Below are records with pictures. Transcribe exactly, and only, the lines from the line with "所有圖表組件和表格組件,不受" to the line with "Хачапури с цыплёнком, грибами", both ends included, but not the pictures.

::: Exercise data

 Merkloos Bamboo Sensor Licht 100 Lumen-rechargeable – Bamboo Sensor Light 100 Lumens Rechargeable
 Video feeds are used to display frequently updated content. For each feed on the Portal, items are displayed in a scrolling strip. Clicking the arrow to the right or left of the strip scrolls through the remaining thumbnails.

::::::
::: Exercise data

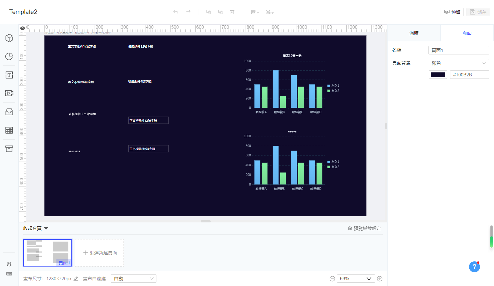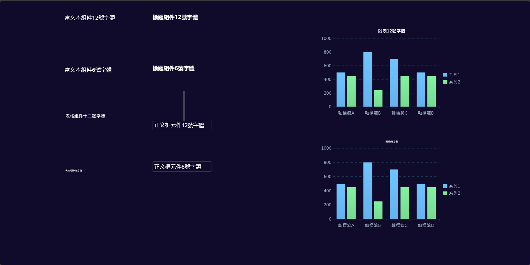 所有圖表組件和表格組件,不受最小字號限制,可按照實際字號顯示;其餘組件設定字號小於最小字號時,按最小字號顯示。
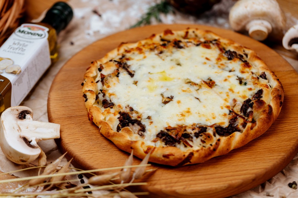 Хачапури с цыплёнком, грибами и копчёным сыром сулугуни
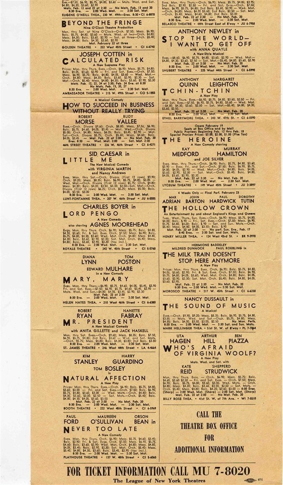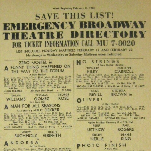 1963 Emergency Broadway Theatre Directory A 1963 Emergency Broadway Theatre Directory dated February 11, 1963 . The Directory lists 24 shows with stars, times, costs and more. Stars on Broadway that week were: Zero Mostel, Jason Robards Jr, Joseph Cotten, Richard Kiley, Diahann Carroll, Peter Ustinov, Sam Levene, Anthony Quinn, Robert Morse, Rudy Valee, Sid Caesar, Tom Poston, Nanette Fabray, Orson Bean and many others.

::::::

#### Result for this exercise:
 所有圖表組件和表格組件,不受最小字號限制,可按照實際字號顯示;其餘組件設定字號小於最小字號時,按最小字號顯示。
 Хачапури с цыплёнком, грибами и копчёным сыром сулугуни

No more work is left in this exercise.